Oncogene-induced senescence (OIS) is thought to restrain tumorigenesis by preventing progression of benign tumors to malignancy (Narita and Lowe, 2005). Notably, while NF1 patients are predisposed to developing gliomas, the majority are benign pilocytic astrocytomas that rarely, if ever, progress (Rodriguez et al., 2008). Moreover, the majority of tumors spontaneously stop growing and a subset regress. Therefore, we hypothesized that loss of NF1 in these astrocytic lesions might be restricting tumor development by triggering a senescence response. Two pilocytic astrocytomas from NF1 patients were obtained. p15INK4b, a reported marker of oncogene-induced senescence, and p16INK4a, which is also commonly detected in senescent tissue, were both highly expressed in these tumors (Figure 4E and data not shown) (Collado et al., 2005; Michaloglou et al., 2005). Tumors also express p53, suggesting that this pathway is activated in these lesions. SA-βgal activity could not be assessed in these archived samples; nevertheless, the expression of p15, p16 and p53 support the hypothesis that these tumors are restrained by oncogene-induced senescence. Interestingly, in previous studies Parada and colleagues had shown that inactivating mutations in Nf1 and p53 cooperate to promote the development of GBMs in mice, but only when p53- inactivation precedes, or is coincident with, Nf1-loss (Zhu et al., 2005). Our findings suggest a potential mechanistic explanation for these observations and provide insight into the constraints governing glioma evolution in NF1 patients.
The data shown in Figure 3 suggest that excessive PKC activity and subsequent proteasomal degradation is one mechanism by which neurofibromin can be inactivated in GBMs. However, we noted that 3/15 GBM-cell lines that we were studying did not express detectable levels of neurofibromin protein, even in the presence of PKC and proteasome inhibitors (data not shown). Notably, all three cell lines (U251, LN229 and LN319) harbored p53-inactivating mutations (Ikediobi et al., 2006; Tallen et al., 2008; Van Meir et al., 1994). Since p53 inactivation appeared to be permissive for total inactivation of NF1, we assessed the status of the NF1 gene in each cell line. All three cell lines harbored loss-of-function and/or recurrent mutations found in NF1 patients and no wild-type NF1 was present (Figure 5A).

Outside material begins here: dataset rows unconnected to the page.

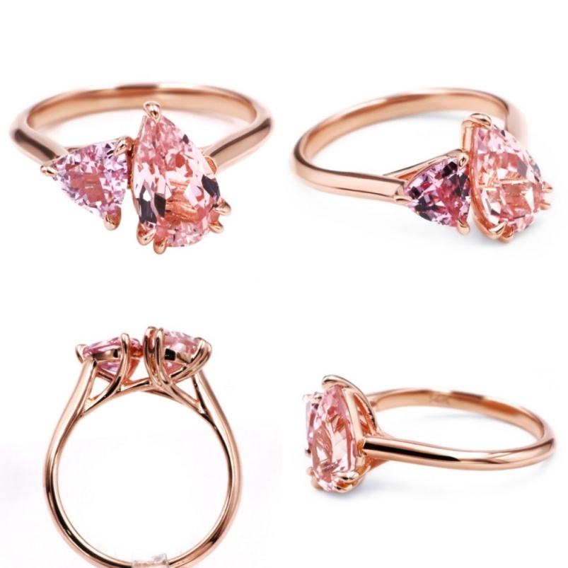 Tianyu Gems Toi Et Moi Ring 5.5mm Trillion 6x10mm Pear Pink Lab Sapphire 18k 14k Rose Gold Wedding Engagement Rings for Women
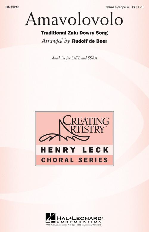 Here is a popular Zulu traditional song as arranged by Rudolf de Beer, former conductor of the Drakensberg Boys Choir of South Africa. What a vivid connection to the people and culture of that part of the world! Authentic percussion and movement suggestions give this selection great visual appeal. Available separately: SATB, SSAA. Duration: ca. 1:50.
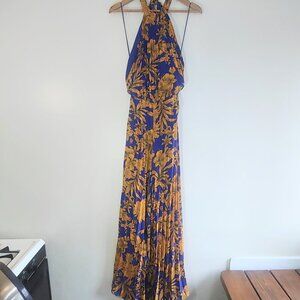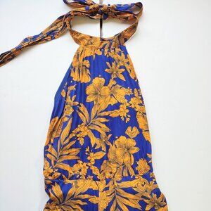 Lulumari Floral Wide Leg Halter Jumpsuit Pleated Boho Mod HipHop Women's Medium
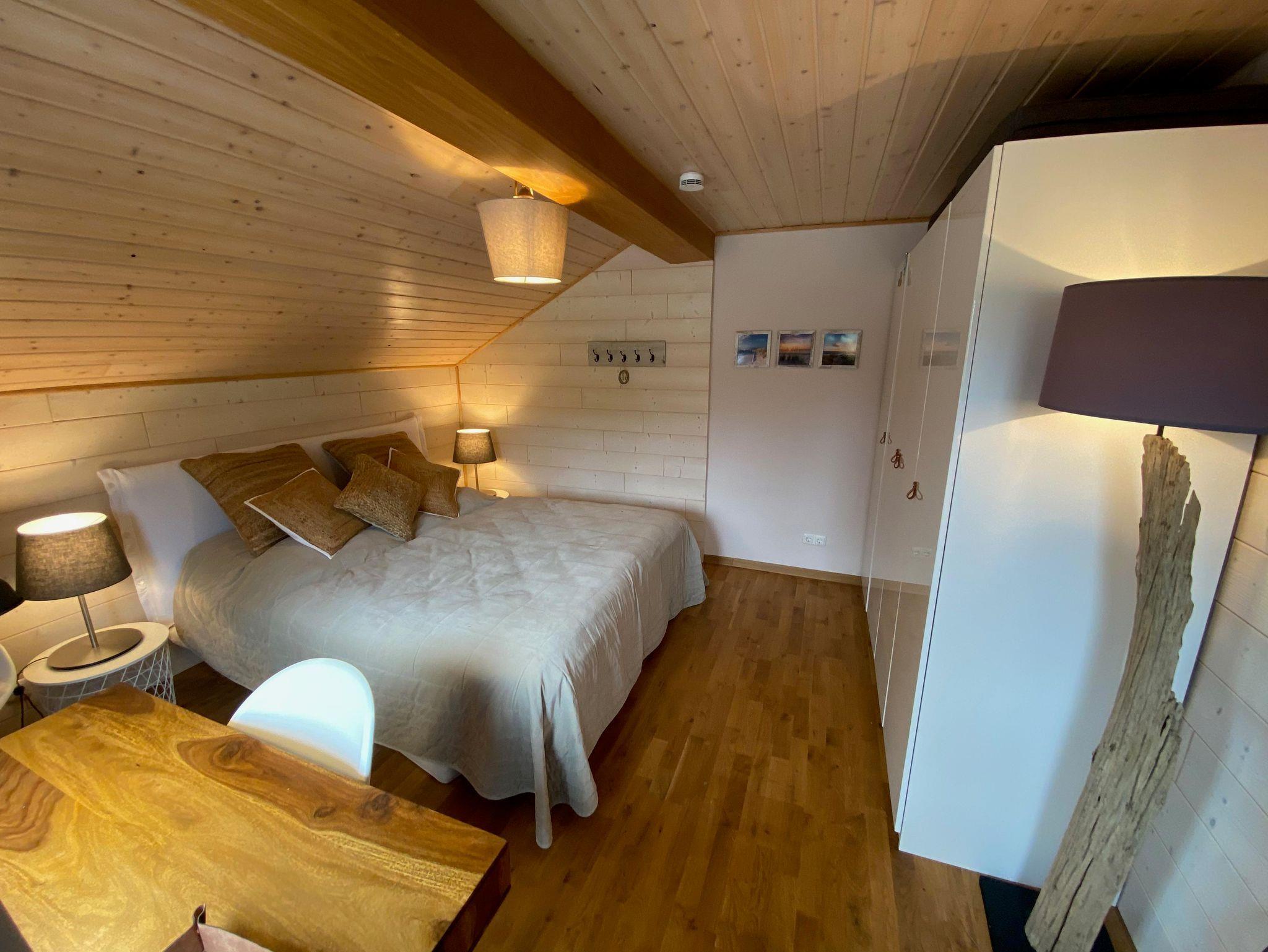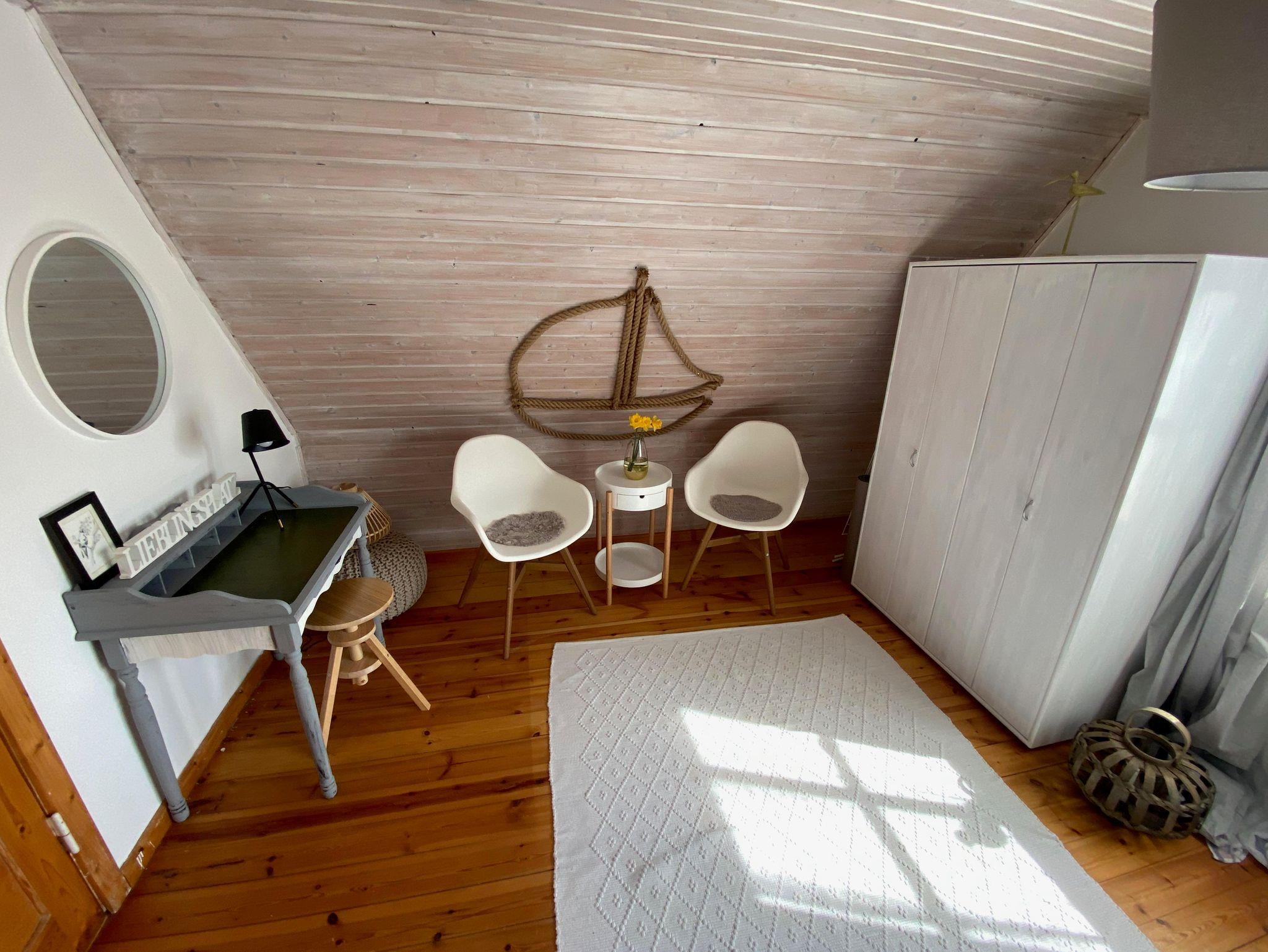 Das Haus verfügt über 2 Doppelschlafzimmer und 2 Einzelschlafzimmer mit Ausziehgelegenheit. Die Auziehbetten eigenen sich jedoch nur für kleine Kinder. Das im Erdgeschoss gelegene Schlafzimmer verfügt über ein separates Bad sowie einen zusätzlichen separaten Zugang von außen. Das Haus eignet sich dadurch ideal z.B. für Familien, die mit Großeltern anreisen möchten. Das Erdgeschoss ist ebenerdig aber nicht 100% barrierefrei (kleine ca. 6cm hohe Erhöhung zum Bad wegen der dort befindlichen Fußbodenheizung).
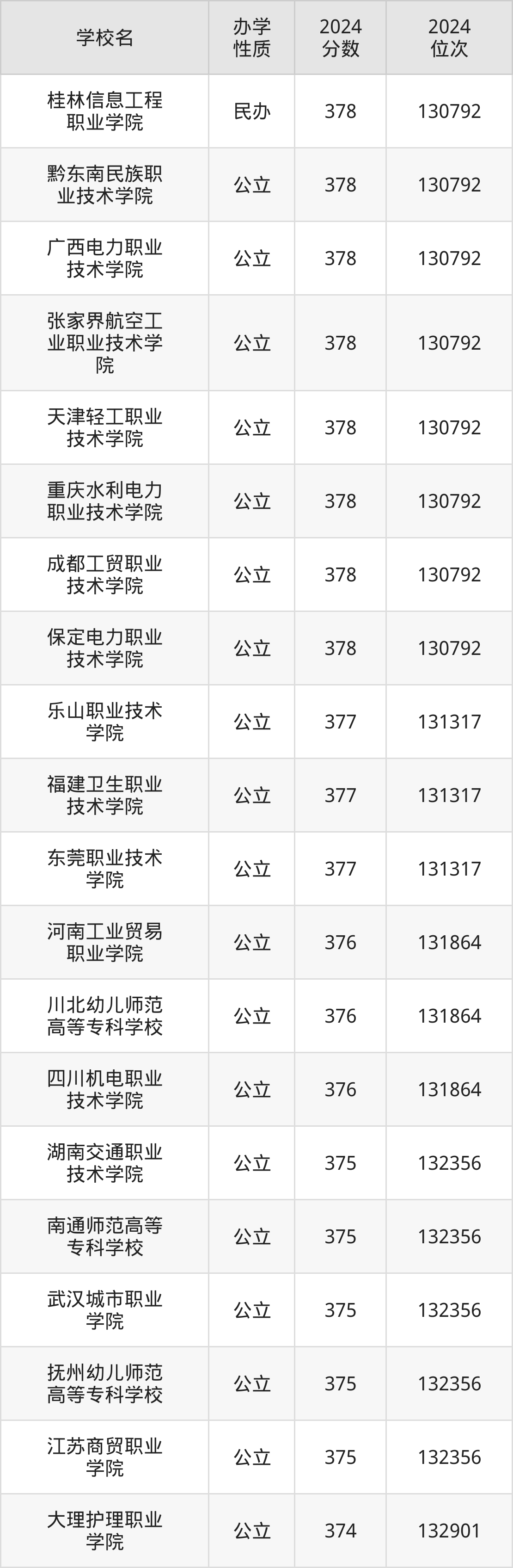 | 黔东南民族职 业技术学院 | 378 | 130792 |
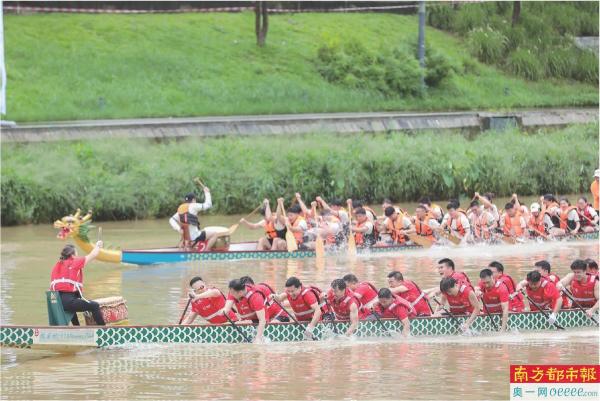 南都讯 记者王睦广 端午节即将到来,近日,深圳市光明区社区龙舟赛开赛,茅洲河上龙舟竞渡,现场气氛热烈。经过角逐,最终光明区凤凰社区龙舟队获得冠军,白花社区白花实验龙腾队、公明社区扬帆起航队分别获得亚军、季军。
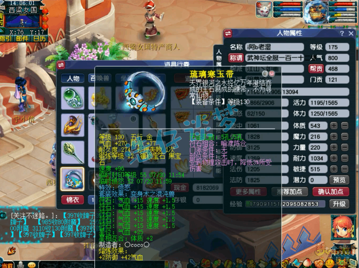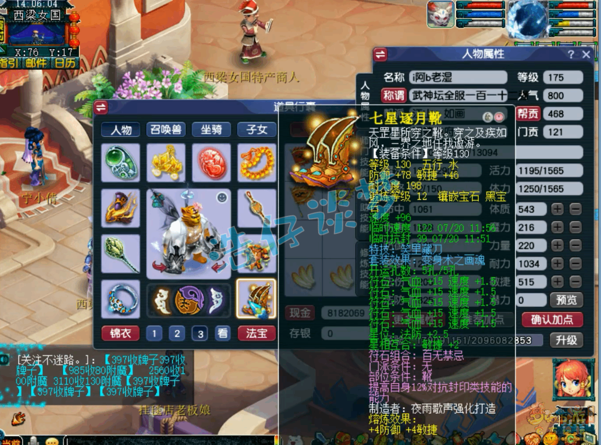130级带笑里藏刀的画魂套鞋子,打了12锻黑宝石。
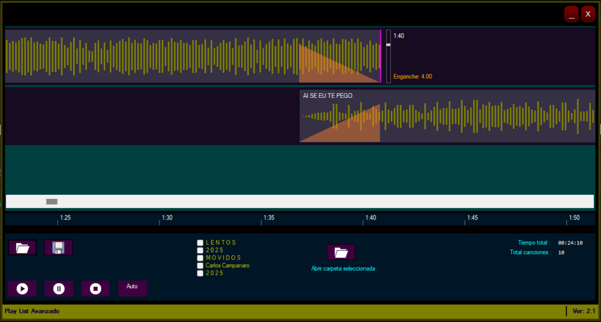 Duración playlist: Conoce al instante la duración total de tu lista de reproducción activa. Es ideal para planificar tus sets y saber de antemano cuánto durará tu selección musical.

In NF1 patients single point mutations, small insertions, and deletions are known to occur throughout the NF1 gene (Messiaen et al., 2000). As such, we reasoned that subtle NF1 mutations might be missed by standard genomic analysis. To examine changes in NF1 copy number we examined data from SNP analysis that was performed on archived tumor tissue from 141 spontaneous human tumors (Beroukhim et al., 2007). None of these tumors exhibited complete loss of the NF1 locus, consistent with other reported findings (Jensen et al., 1995). However, 23 (16%) exhibited single copy loss at the NF1 locus (Beroukhim et al., 2007). We then utilized these tissue samples in a directed sequencing effort. Based on our analysis of cell lines, human tumors from NF1 patients, and previous mouse modeling studies, we reasoned that null mutations in NF1 might only be tolerated in the absence of functional p53. Therefore we sequenced the NF1 gene in 14 of the 23 GBM tissue samples that also possessed p53 mutations (Beroukhim et al., 2007).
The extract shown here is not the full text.